**Problem to work on:** From the line containing "5月19日下午,beat36" through the last line of the records, print every line exactly and nothing more.

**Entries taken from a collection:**
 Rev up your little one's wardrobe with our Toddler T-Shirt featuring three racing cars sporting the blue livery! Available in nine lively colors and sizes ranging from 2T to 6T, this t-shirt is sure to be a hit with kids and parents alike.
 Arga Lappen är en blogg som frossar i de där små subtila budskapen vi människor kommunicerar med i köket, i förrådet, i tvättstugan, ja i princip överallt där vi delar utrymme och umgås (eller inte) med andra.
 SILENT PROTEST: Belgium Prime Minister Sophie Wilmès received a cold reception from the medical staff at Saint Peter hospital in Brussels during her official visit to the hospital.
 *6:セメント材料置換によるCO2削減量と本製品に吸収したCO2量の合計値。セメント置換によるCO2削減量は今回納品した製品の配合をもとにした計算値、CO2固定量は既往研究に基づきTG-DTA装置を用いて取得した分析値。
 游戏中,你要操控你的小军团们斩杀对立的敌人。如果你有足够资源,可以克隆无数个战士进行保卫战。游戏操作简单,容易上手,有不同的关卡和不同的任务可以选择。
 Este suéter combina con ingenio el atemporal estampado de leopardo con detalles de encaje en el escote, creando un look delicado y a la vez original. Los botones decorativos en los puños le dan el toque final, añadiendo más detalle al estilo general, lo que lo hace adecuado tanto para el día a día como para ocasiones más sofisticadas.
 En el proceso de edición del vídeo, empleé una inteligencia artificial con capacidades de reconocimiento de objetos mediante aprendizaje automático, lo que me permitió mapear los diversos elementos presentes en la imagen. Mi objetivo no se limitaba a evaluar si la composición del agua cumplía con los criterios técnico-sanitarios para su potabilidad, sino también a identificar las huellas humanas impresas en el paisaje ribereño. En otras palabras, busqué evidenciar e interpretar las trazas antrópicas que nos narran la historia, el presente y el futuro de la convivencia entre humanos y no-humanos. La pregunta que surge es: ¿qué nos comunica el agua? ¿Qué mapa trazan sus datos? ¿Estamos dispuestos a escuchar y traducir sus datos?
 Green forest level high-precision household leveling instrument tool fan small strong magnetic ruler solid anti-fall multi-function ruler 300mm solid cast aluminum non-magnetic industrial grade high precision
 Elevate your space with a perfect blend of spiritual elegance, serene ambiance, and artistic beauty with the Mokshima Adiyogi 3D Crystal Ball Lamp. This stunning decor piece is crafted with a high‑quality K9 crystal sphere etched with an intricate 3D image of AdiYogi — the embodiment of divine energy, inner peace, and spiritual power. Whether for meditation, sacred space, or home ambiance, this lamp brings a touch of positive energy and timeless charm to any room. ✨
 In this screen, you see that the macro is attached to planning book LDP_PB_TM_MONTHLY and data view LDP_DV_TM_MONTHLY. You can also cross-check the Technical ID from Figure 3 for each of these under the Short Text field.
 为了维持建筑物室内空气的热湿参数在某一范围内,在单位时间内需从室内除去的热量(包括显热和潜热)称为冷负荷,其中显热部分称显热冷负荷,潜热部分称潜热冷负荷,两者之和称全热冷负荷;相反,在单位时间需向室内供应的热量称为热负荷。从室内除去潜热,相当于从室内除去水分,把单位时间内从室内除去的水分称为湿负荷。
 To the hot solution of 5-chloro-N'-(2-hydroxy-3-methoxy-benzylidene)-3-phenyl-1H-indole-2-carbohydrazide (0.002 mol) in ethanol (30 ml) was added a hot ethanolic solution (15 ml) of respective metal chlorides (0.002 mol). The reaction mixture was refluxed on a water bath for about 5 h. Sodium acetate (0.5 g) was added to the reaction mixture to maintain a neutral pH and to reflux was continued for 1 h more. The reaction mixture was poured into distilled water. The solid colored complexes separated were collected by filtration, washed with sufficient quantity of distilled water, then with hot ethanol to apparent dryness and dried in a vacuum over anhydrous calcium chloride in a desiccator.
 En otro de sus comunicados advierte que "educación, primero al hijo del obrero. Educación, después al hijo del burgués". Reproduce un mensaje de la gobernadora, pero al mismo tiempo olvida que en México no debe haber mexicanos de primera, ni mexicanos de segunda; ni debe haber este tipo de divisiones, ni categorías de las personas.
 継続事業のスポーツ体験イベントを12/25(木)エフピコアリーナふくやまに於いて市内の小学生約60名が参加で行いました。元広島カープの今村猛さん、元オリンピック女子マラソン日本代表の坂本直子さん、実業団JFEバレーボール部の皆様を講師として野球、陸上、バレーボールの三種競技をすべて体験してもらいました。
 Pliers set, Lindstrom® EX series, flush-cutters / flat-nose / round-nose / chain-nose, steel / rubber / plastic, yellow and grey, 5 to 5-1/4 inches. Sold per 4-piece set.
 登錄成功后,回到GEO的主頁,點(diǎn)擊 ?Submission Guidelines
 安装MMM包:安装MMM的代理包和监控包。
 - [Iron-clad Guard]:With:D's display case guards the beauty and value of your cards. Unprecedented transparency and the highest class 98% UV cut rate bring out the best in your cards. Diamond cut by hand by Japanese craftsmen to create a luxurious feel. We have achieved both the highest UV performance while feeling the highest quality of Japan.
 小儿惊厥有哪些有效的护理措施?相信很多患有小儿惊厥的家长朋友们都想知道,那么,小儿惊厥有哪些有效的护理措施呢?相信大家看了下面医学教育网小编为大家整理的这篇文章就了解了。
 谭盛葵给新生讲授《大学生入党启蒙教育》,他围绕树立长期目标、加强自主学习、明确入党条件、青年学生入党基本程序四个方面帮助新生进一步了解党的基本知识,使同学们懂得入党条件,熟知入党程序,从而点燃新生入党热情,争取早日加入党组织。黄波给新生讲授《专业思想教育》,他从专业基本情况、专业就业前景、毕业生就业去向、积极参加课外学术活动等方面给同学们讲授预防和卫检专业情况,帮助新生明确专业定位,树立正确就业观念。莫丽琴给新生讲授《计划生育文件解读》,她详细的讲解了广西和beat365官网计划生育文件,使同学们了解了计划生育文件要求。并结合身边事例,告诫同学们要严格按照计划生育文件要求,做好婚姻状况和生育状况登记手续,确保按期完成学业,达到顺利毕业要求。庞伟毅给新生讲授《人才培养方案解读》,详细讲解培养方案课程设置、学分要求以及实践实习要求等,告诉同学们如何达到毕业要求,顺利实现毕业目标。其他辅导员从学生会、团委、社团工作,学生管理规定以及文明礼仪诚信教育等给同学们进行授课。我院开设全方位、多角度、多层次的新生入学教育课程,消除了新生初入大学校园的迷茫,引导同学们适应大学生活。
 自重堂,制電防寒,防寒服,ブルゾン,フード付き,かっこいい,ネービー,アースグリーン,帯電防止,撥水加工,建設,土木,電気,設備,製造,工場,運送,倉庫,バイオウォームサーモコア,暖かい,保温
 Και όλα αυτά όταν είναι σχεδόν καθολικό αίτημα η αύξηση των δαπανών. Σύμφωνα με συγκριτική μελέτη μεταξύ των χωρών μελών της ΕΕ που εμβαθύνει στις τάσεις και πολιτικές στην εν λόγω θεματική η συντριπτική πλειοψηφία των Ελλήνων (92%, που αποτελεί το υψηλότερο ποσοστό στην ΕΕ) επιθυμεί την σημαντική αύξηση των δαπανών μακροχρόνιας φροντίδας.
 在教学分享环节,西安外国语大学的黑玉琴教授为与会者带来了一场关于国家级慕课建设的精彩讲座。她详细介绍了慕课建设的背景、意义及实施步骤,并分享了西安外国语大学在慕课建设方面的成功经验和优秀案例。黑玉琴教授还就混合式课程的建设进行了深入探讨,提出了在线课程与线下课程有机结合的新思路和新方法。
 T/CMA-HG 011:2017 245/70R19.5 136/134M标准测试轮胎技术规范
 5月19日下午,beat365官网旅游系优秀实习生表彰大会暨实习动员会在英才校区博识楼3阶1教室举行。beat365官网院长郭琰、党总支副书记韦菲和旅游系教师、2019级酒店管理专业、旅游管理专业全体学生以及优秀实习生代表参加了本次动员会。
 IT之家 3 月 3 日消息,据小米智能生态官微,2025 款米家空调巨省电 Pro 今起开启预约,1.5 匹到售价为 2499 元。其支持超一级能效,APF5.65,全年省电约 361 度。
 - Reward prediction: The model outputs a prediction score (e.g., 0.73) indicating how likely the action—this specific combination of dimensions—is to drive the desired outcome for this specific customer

**Completed exercise:**
 5月19日下午,beat365官网旅游系优秀实习生表彰大会暨实习动员会在英才校区博识楼3阶1教室举行。beat365官网院长郭琰、党总支副书记韦菲和旅游系教师、2019级酒店管理专业、旅游管理专业全体学生以及优秀实习生代表参加了本次动员会。
 IT之家 3 月 3 日消息,据小米智能生态官微,2025 款米家空调巨省电 Pro 今起开启预约,1.5 匹到售价为 2499 元。其支持超一级能效,APF5.65,全年省电约 361 度。
 - Reward prediction: The model outputs a prediction score (e.g., 0.73) indicating how likely the action—this specific combination of dimensions—is to drive the desired outcome for this specific customer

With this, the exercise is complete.